Quels sont les chefs d’inculpation dans le mandat d’arrêt ?
« Aujourd’hui, 17 mars 2023, la Chambre préliminaire II de la Cour pénale internationale a émis des mandats d’arrêt contre deux personnes en lien avec la situation en Ukraine : Vladimir Vladimirovitch Poutine et Maria Alekseyevna Lvova-Belova », Commissaire présidentiel aux droits de l’enfant en Russie, indique la CPI dans un communiqué (En anglais). Le dirigeant russe « est présumé responsable du crime de guerre de déportation illégale de population (d’enfants) et de transfert illégal de population (d’enfants) des zones occupées d’Ukraine vers la Fédération de Russie », est-ce détaillé.
>> Guerre en Ukraine : la déportation d’enfants ukrainiens, arme de « russification » massive du Kremlin
Selon le tribunal, il y a “des motifs raisonnables de croire que Vladimir Poutine est personnellement responsable des crimes ci-dessus”qui aurait été commis « sur le territoire ukrainien occupé au moins à partir du 24 février 2022 ». La CPI invoque dans son mandat l’article 8 du Statut de Rome, son traité fondateur, qui qualifie de crimes de guerre les actes de “déportation” ou de “transfert illégal” de personnes.
Le dirigeant russe peut-il être arrêté ?
Oui… en théorie. Les États membres de la CPI sont tenus d’exécuter des mandats d’arrêt contre Vladimir Poutine et Maria Lvova-Belova s’ils visitent leur territoire, a confirmé le procureur de la CPI Karim Khan à l’AFP, interrogé sur la possibilité que Vladimir Poutine soit arrêté s’il se rend dans l’un des 123 pays partie. au Statut de Rome.

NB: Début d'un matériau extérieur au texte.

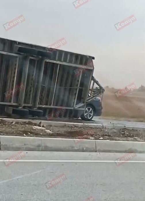 Konya'da etkisini sürdüren şiddetli rüzgâr, Konya–Karaman karayolunda tehlikeli anların yaşanmasına neden oldu. O anlar seyir halinde olan bir sürücünün cep telefonu kamerasına yansıdı.
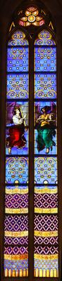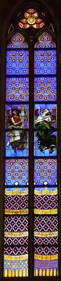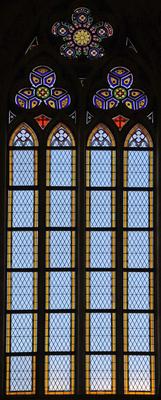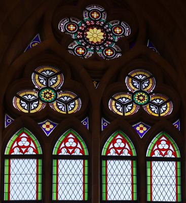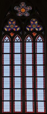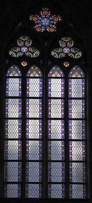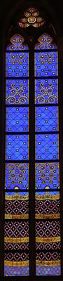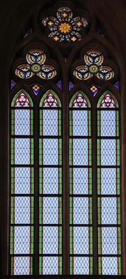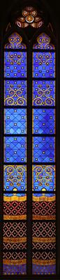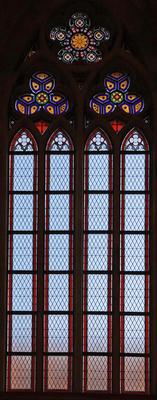 Ornament (Rekonstruktion auf Grundlage der Schinkel'schen Entwurfszeichnungen und eines wiedergefundenen ornamentalen Fensterdetails). Karl Friedrich Schinkel, 1829 Fenster im Chor, Antikglas/Blei |

---Interviewé par le quotidien suisse La météoAndrew Clapham, professeur de droit international, va encore plus loin. “L’article 8 du Statut de Rome signifie qu’il s’agit d’une violation grave de la quatrième Convention de Genève dans son article 147fait-il remarquer. Cela signifie que Vladimir Poutine peut être arrêté dans n’importe quel pays du monde. Tous les États de la planète ont ratifié les Conventions de Genève, y compris la Russie.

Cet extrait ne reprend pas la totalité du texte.